What do Bushido, baseball, school teachers, and anime have in common? Quite a lot! When we hear the term bushido (in Japanese bushidō, translated as the “way of the warrior”), we think first and foremost of samurai. The ideology of bushido became known in the West primarily through the book of the same name by Nitobe Inazō. According to him, the samurai embodies values such as loyalty, self-sacrifice, and unconditional devotion. Although this is a romanticized portrayal of the warrior elite of the time, this image has gained a foothold in both the West and Japan. It has also been transferred to sports, especially baseball. Thus, it is no surprise that the Japanese national baseball team is called “Samurai Japan”. But how did it come about?
Today, baseball is considered Japan’s national sport. It was brought to Japan by American teachers in 1872/73 and was played at elite schools after the opening of the country in the Meiji era. The adolescents who went to school there were descendants of former samurai and transferred their ideology to their baseball game. The practice of the sport was thus imbued with these ‘traditional’ values. Over time, the sports clubs of the elite schools evolved into today’s extracurricular school sports clubs (undō bukatsudō) and the values of the samurai remained a part of them. Undō bukatsudō is a concept of sports practice that does not exist in Austria per se because these sports clubs are not private clubs but are directly linked to a school. This means that training and competitions take place at the respective school in addition to regular PE lessons. However, the training is often not carried out by specially trained coaches but organized by dedicated teachers. These school sports clubs are not only about practicing sports but also about “learning for real life”. The bukatsudō coaches are therefore also “life coaches”, as they instill in the young athletes a sense of responsibility, decency, and other moral values that are important for adult life.

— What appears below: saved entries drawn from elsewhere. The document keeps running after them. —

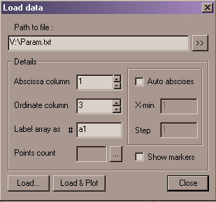You must give array a name (label). The label will be used to specify array in the Graph Plotting window. Array label must start with the # character. ArtSGraph generates names automatically for consequently loaded arrays - #a1, #a2, #a3, etc., however you can change the proposed name.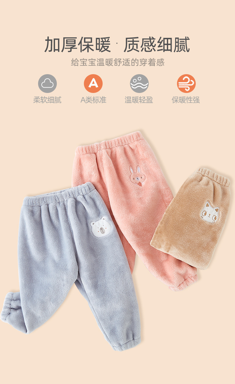 어린이 기모 바지 소년 및 어린이 따뜻한 바지 아기 봄과 가을 산호 플란넬 파자마 바지 두꺼운 아기 따뜻한 바지스토어 가기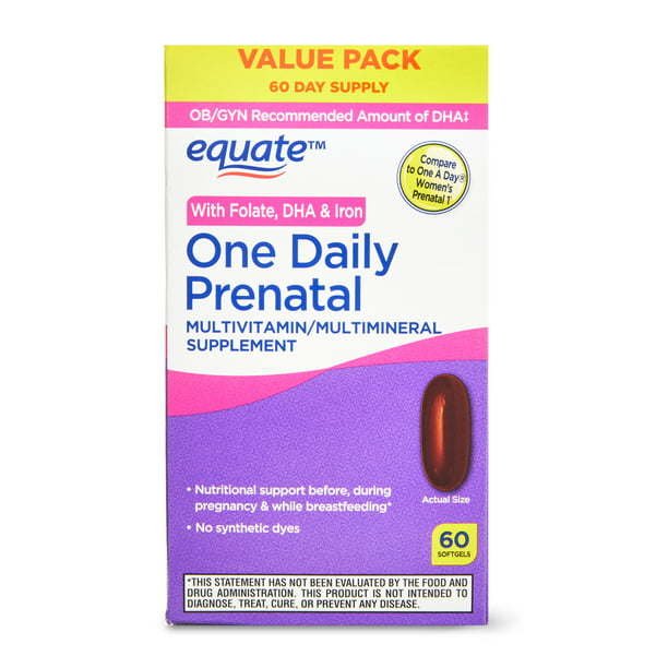 Equate One Daily Prenatal Softgels Multivitamin/Multimineral Supplement;  60 Count Equate One Daily Prenatal Softgels Multivitamin/Multimineral Supplement;  60 Count Equate One Daily Prenatal Softgels Multivitamin/Multimineral Supplement;  60 Count

The coaches portrayed in sports anime also convey certain social values through their character traits and behavior. However, these are not only directed at the athletes in the fictional anime world but also at young viewers. If you take a closer look at the portrayal of the characters and their behavior, and also take into account the underlying cultural aspects, an anime reveals a lot about Japanese culture, society and its changes.
It is interesting that baseball is the most frequently depicted sport in sports anime; the anime Ace of the Diamond is one of them. In my bachelor’s thesis, I took a closer look at the ten coaches who appear in it and found out how closely bushido, baseball, and school sports are connected and what this says about Japanese norms and values, and how they are changing.